__Collected data entries__

======

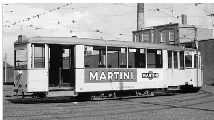
Nach der Einstellung der SL 3 im Jahr 1965 ging man in der Werkstatt in Gaarden daran, die 1960 aus Lübeck übernommenen Motorwagen (Aufbautyp) zu Beiwagen umzubauen, hier Bw 85 im August 1965
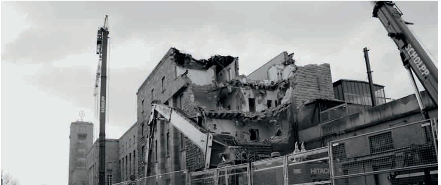
Erst zerstören, dann planen: schweres Gerät beim Abbruch des Bahnhof-Südflügels

NEUES VOM DÜMMSTEN BAHNPROJEKT DER WELT – AUSGABE 4 • 9. FEBRUAR 2012
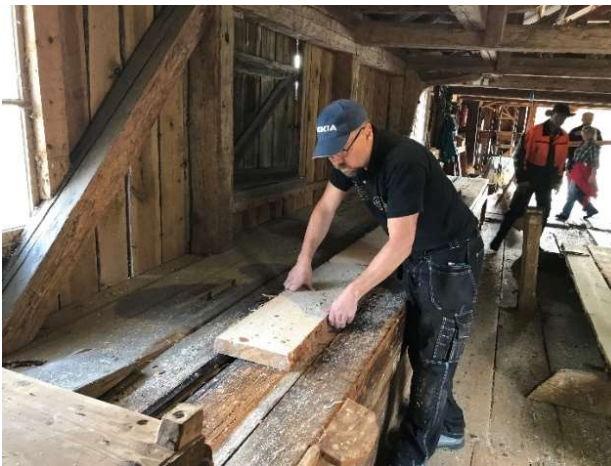
Foto 5. Plankan läggs rätt i sidled.
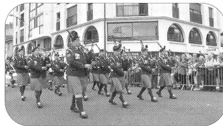
Irlande – les cornemuses.
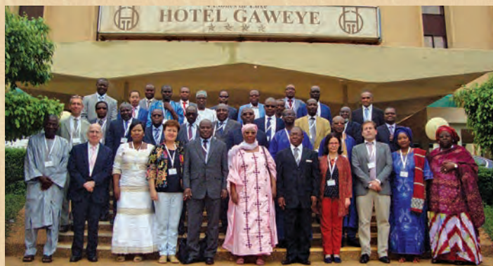
34 e réunion du Comité de direction Niamey, septembre 2016 20 e Anniversaire d'AFRISTAT
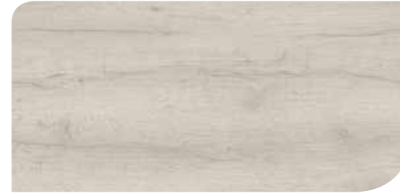
LOCL40154 ROVERE KINGSTON GRIGIO
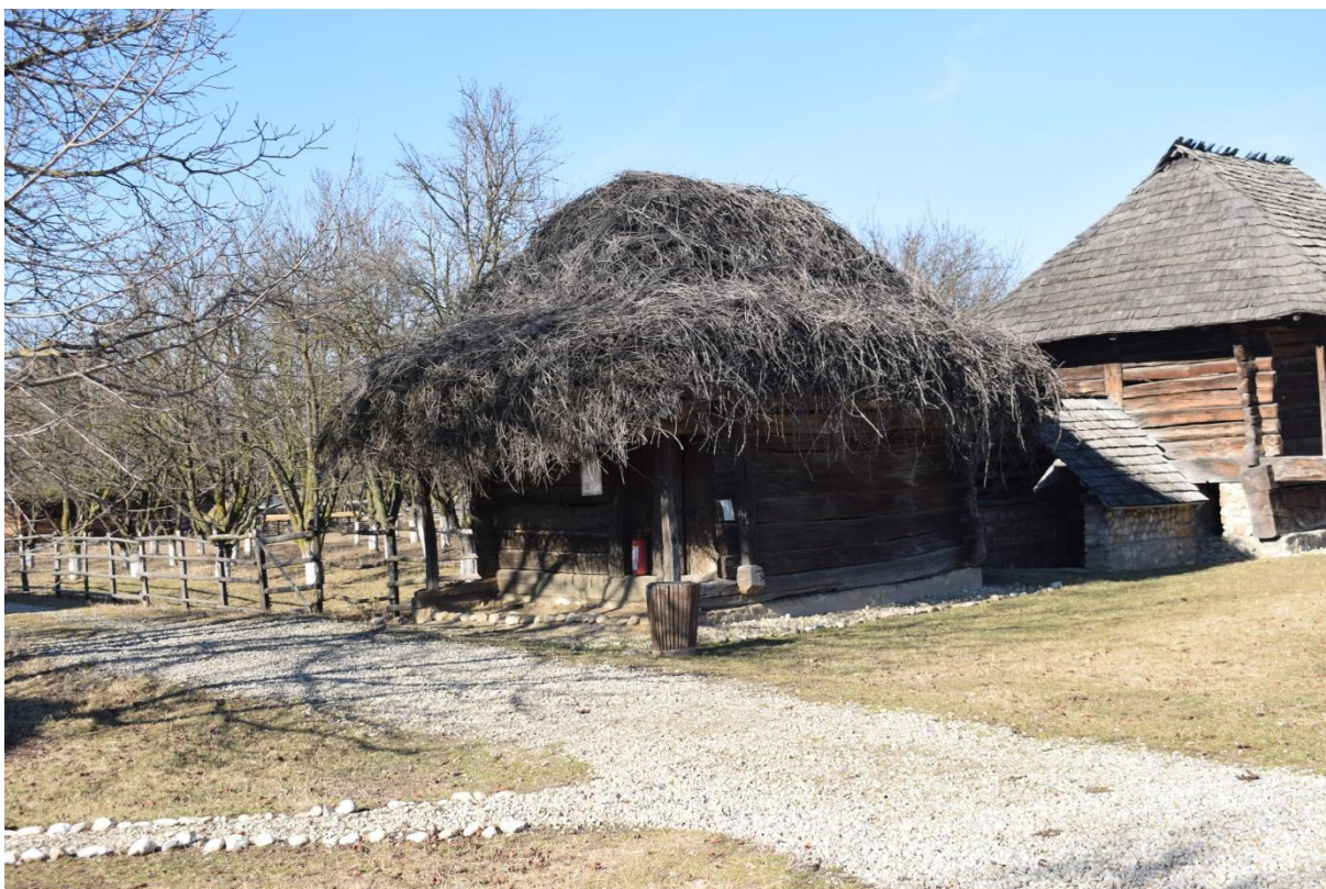
Reparații acoperișuri din joarde de viță-de-vie
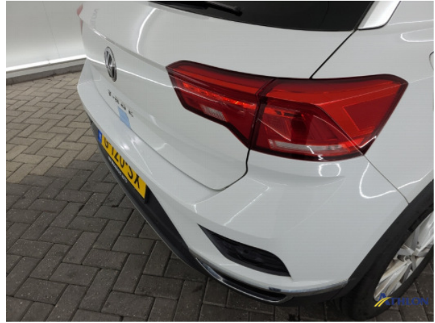
2. Oneffenheden lak Gebruikssporen
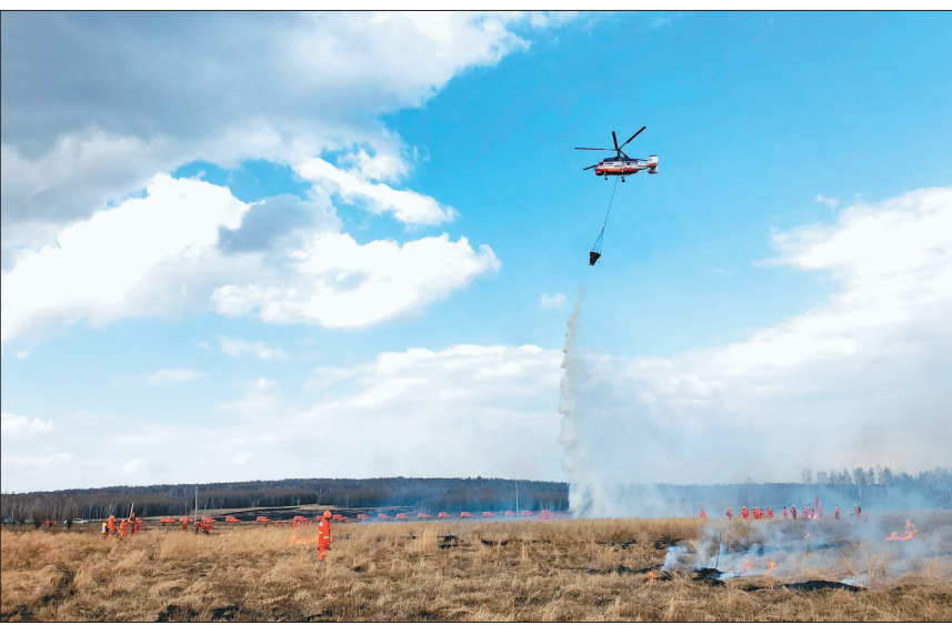
沾河林区防火演练,直升机吊桶灭火。
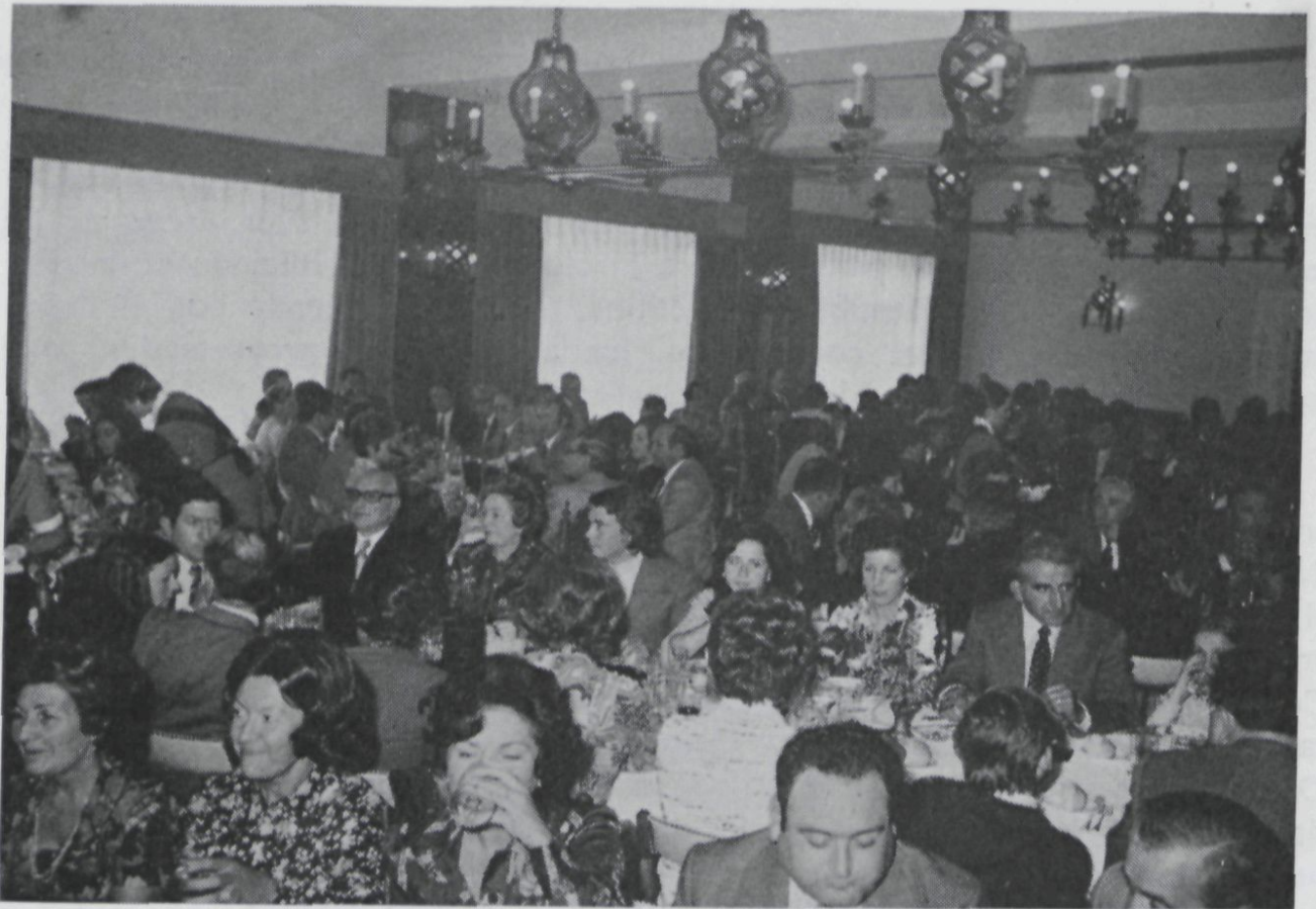
Aspecto parcial de la comida de Hermandad.
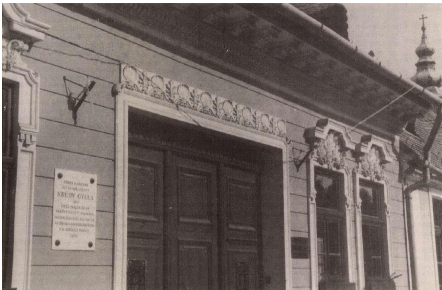
„A Templom utca 15. falán, balról, ott, ahol Krúdyék lakása volt, emléktábla”

Egy emléktábla s egy szobor. Ennyi őrizi Krúdy Gyula emlékét Óbudán. A hajótörött Szindbád örült, hogy kikötőre lett itt. A Krúdy-hívők is örülhetnek, hogy ennyi is megmaradt erre felé Szindbád lábnyomából.

======

__REQUIRED WORK__
Print every record above exactly, with no pictures.

__ANSWER BOX__
Nach der Einstellung der SL 3 im Jahr 1965 ging man in der Werkstatt in Gaarden daran, die 1960 aus Lübeck übernommenen Motorwagen (Aufbautyp) zu Beiwagen umzubauen, hier Bw 85 im August 1965
Erst zerstören, dann planen: schweres Gerät beim Abbruch des Bahnhof-Südflügels

NEUES VOM DÜMMSTEN BAHNPROJEKT DER WELT – AUSGABE 4 • 9. FEBRUAR 2012
Foto 5. Plankan läggs rätt i sidled.
Irlande – les cornemuses.
34 e réunion du Comité de direction Niamey, septembre 2016 20 e Anniversaire d'AFRISTAT
LOCL40154 ROVERE KINGSTON GRIGIO
Reparații acoperișuri din joarde de viță-de-vie
2. Oneffenheden lak Gebruikssporen
沾河林区防火演练,直升机吊桶灭火。
Aspecto parcial de la comida de Hermandad.
„A Templom utca 15. falán, balról, ott, ahol Krúdyék lakása volt, emléktábla”

Egy emléktábla s egy szobor. Ennyi őrizi Krúdy Gyula emlékét Óbudán. A hajótörött Szindbád örült, hogy kikötőre lett itt. A Krúdy-hívők is örülhetnek, hogy ennyi is megmaradt erre felé Szindbád lábnyomából.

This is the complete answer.